With just 10 months to go until he steps down as Peru's president, Alejandro Toledo is hobbling to the finish line with the lowest approval rating of any Latin American leader. But he has also earned kudos for his country's sustained growth in the past 15 months, and he believes he has left an unprecedented legacy of safeguarding social and ethnic inclusion in Peru's traditionally stratified society.

In an interview Friday with Washington Post editors and columnists, Toledo acknowledged that his lofty campaign promises in 2000 to tackle poverty never materialized into tangible benefits for the 54 percent of Peruvians who still live on less than $2 a day.

"You cannot redistribute what you don't have. We deliberately designed some specific social programs, but did not design the economy to have a trickle-down effect," said Toledo, a former World Bank official. "We have planted a seed and I have paid a high political price. But Peru has been inserted into the international democratic community."

During the past five years, Toledo's tenure was marred by blunders of firing and hiring. His approval rating plummeted to a low of 6 percent. But Toledo said Peru expects to top 5 percent growth next year, and that its exports have doubled to $16 billion. He is constitutionally barred from seeking reelection.

Toledo emphasized Peru's improved record on human rights after a decade of autocratic rule by his predecessor, Alberto Fujimori. He said much more was being spent on education and the salaries of teachers were being doubled.

As the first Peruvian of Indian ancestry to run the country, Toledo began his presidency with a festive inauguration in an Incan fortress, at which he wore traditional highland dress and clutched a golden battle-axe adorned with an ear of corn, a pre-Colombian symbol of power.

In the interview, he spoke passionately of having empowered impoverished indigenous communities by setting up funds and cultural institutes.

"We have sought to institutionalize social inclusion and root it," he said. "I did not just want to be another president passing through."
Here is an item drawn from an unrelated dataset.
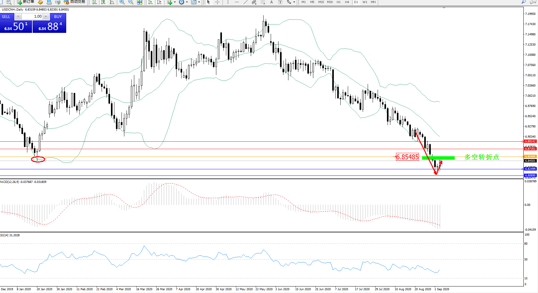 交易策略:6.85485下方看跌,目标6.82499、6.80890

Palestinian Heads to Morocco

Hassan Abdel Rahman is leaving Washington after 23 years as head of the Palestine Information Office to become the Palestinian Authority's representative in Rabat, Morocco. After serving in the Palestine Liberation Organization office at the United Nations for eight years, he came to Washington in 1982 and later became the Palestinian Authority's senior representative here.
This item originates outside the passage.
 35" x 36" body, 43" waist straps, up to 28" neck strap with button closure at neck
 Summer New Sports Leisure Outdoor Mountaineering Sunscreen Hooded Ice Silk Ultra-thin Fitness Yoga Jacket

During the turbulent years of Arab-Israeli history, Abdel Rahman said in a recent interview, he oversaw a shift from total lack of recognition to gradual acceptance of Palestinian rights.

"We have come a long way from total negation to full acceptance of Palestinian people and their right to a state," he said, mentioning the expulsion of the late leader Yasser Arafat and his fighters from Lebanon in 1983 and the historic handshake between Arafat and former Israeli prime minister Yitzhak Rabin on the White House lawn 10 years later.

Abdel Rahman said he was looking forward to his new posting because of Morocco's role in Middle East peacemaking and because King Mohammed VI heads the Jerusalem Committee in the Islamic Organization Conference.

Asked to comment on the destruction of synagogues and greenhouses left in Gaza after the recent pullout of Israeli settlers, he said: "It is very regrettable but symptomatic of the chaos that engulfed Gaza in the last five years. What we inherited cannot be remedied overnight."

Abdel Rahman said the Israelis "destroyed everything" when they pulled out but left the synagogues, knowing the Palestinian Authority could not protect them.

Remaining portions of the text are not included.